WORK TO COMPLETE: In your copy, leave out the pictures and repeat every record exactly.

Collected data entries
____
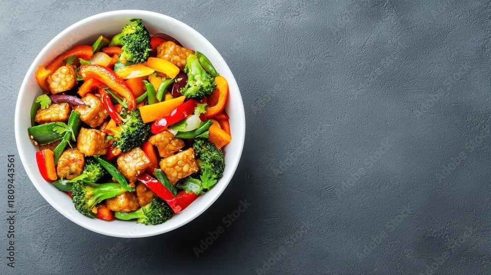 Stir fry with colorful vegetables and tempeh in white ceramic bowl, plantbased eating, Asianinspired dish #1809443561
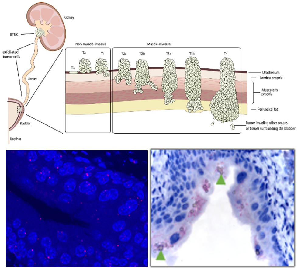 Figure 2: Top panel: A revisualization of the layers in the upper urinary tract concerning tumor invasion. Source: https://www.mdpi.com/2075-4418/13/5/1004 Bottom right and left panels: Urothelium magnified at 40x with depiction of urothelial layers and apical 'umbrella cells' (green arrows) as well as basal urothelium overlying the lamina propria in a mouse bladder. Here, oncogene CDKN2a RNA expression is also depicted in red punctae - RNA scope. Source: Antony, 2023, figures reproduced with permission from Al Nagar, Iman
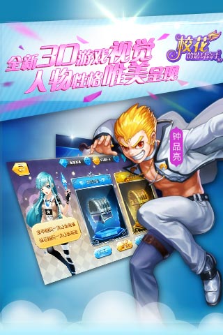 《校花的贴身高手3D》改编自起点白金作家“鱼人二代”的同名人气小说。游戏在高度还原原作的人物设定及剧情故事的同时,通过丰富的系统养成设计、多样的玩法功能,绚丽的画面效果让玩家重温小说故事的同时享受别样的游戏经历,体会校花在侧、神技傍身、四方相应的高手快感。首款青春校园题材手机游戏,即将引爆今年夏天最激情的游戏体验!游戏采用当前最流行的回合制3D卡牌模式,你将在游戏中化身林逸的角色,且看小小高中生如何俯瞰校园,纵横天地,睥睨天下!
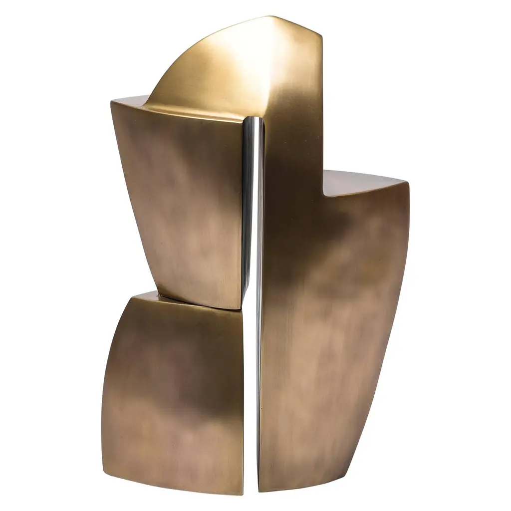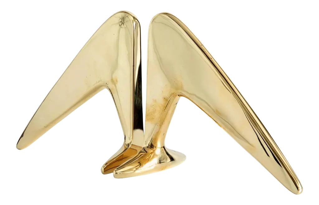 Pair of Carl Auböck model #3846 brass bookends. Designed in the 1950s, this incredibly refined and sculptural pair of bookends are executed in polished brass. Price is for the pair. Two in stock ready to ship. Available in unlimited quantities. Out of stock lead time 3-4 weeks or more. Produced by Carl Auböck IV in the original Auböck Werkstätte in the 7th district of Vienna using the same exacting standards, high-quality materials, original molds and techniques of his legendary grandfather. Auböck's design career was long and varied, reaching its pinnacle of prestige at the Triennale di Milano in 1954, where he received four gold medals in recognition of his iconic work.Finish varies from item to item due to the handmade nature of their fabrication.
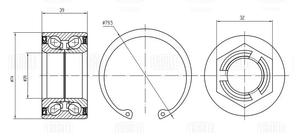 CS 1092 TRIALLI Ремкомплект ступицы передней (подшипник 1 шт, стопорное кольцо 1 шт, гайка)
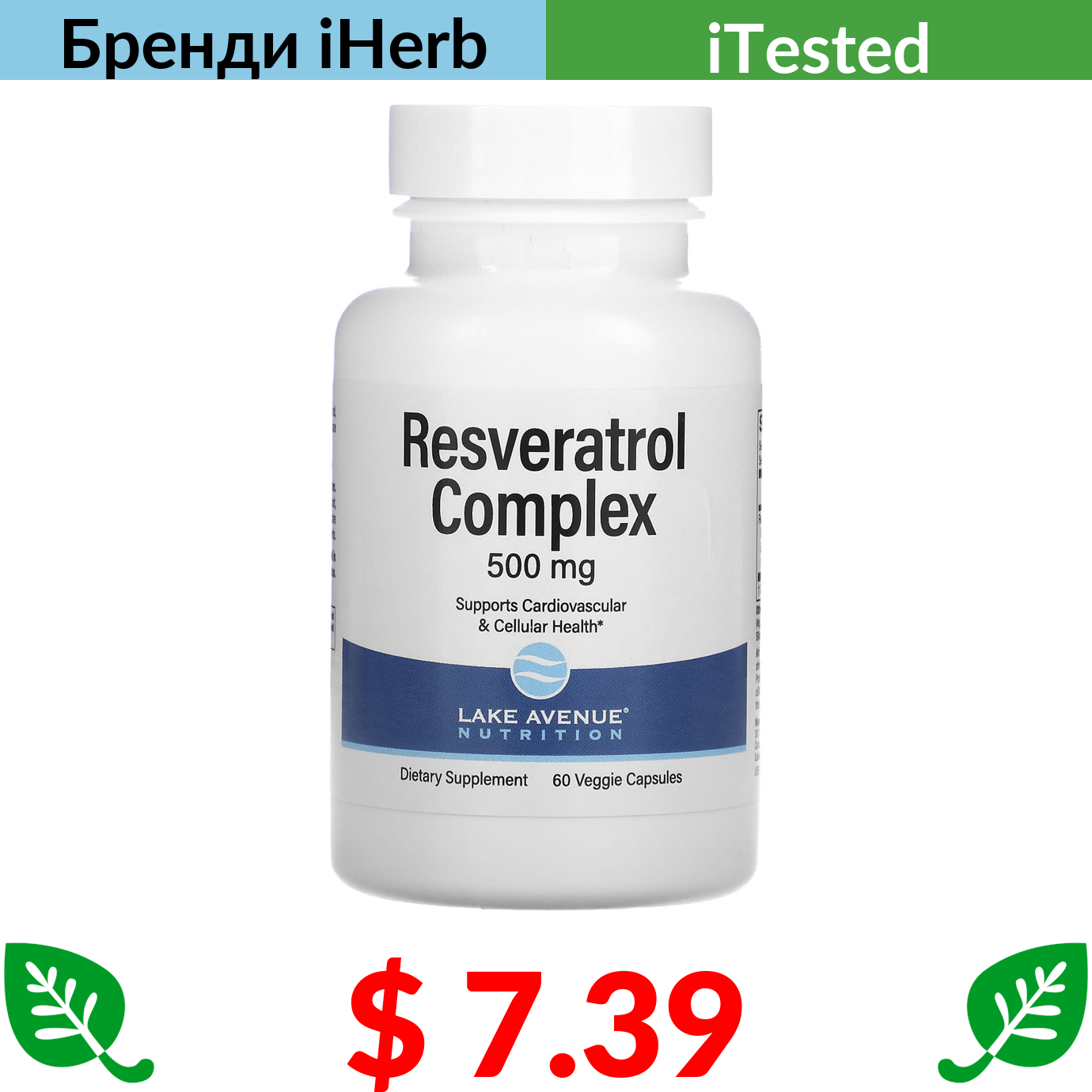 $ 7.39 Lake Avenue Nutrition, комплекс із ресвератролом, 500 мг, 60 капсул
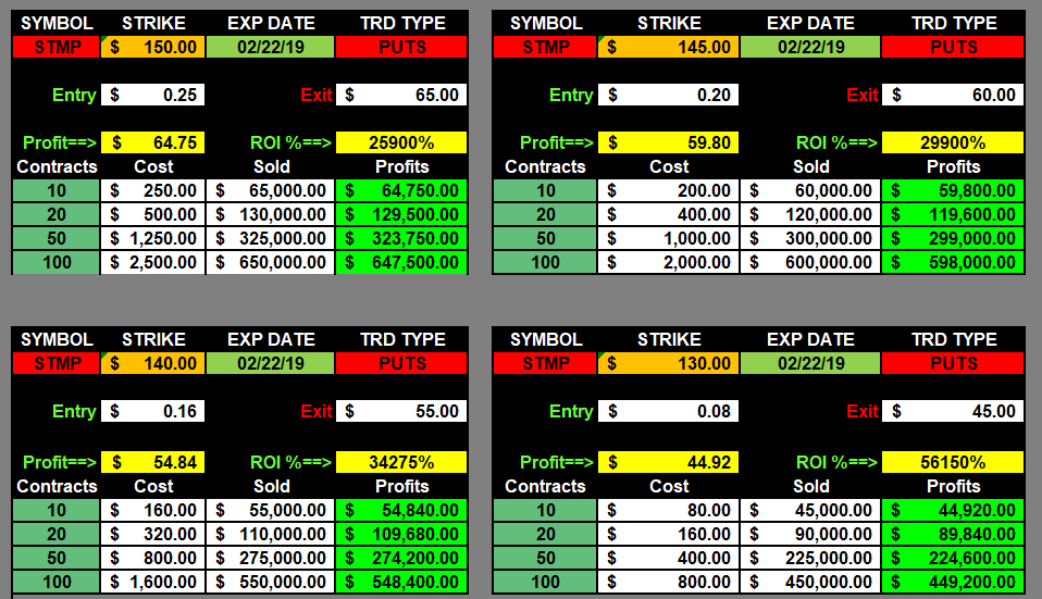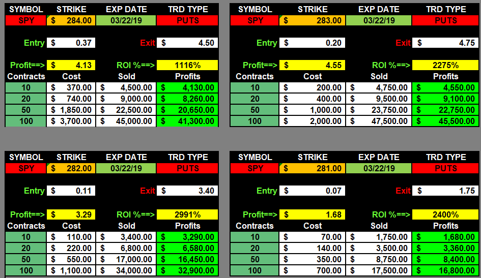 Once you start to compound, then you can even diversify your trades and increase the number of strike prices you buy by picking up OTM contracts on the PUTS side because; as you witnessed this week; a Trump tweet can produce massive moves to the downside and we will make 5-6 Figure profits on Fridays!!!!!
____
SOLUTION TO THIS TASK:
 Stir fry with colorful vegetables and tempeh in white ceramic bowl, plantbased eating, Asianinspired dish #1809443561
 Figure 2: Top panel: A revisualization of the layers in the upper urinary tract concerning tumor invasion. Source: https://www.mdpi.com/2075-4418/13/5/1004 Bottom right and left panels: Urothelium magnified at 40x with depiction of urothelial layers and apical 'umbrella cells' (green arrows) as well as basal urothelium overlying the lamina propria in a mouse bladder. Here, oncogene CDKN2a RNA expression is also depicted in red punctae - RNA scope. Source: Antony, 2023, figures reproduced with permission from Al Nagar, Iman
 《校花的贴身高手3D》改编自起点白金作家“鱼人二代”的同名人气小说。游戏在高度还原原作的人物设定及剧情故事的同时,通过丰富的系统养成设计、多样的玩法功能,绚丽的画面效果让玩家重温小说故事的同时享受别样的游戏经历,体会校花在侧、神技傍身、四方相应的高手快感。首款青春校园题材手机游戏,即将引爆今年夏天最激情的游戏体验!游戏采用当前最流行的回合制3D卡牌模式,你将在游戏中化身林逸的角色,且看小小高中生如何俯瞰校园,纵横天地,睥睨天下!
 Pair of Carl Auböck model #3846 brass bookends. Designed in the 1950s, this incredibly refined and sculptural pair of bookends are executed in polished brass. Price is for the pair. Two in stock ready to ship. Available in unlimited quantities. Out of stock lead time 3-4 weeks or more. Produced by Carl Auböck IV in the original Auböck Werkstätte in the 7th district of Vienna using the same exacting standards, high-quality materials, original molds and techniques of his legendary grandfather. Auböck's design career was long and varied, reaching its pinnacle of prestige at the Triennale di Milano in 1954, where he received four gold medals in recognition of his iconic work.Finish varies from item to item due to the handmade nature of their fabrication.
 CS 1092 TRIALLI Ремкомплект ступицы передней (подшипник 1 шт, стопорное кольцо 1 шт, гайка)
 $ 7.39 Lake Avenue Nutrition, комплекс із ресвератролом, 500 мг, 60 капсул
 Once you start to compound, then you can even diversify your trades and increase the number of strike prices you buy by picking up OTM contracts on the PUTS side because; as you witnessed this week; a Trump tweet can produce massive moves to the downside and we will make 5-6 Figure profits on Fridays!!!!!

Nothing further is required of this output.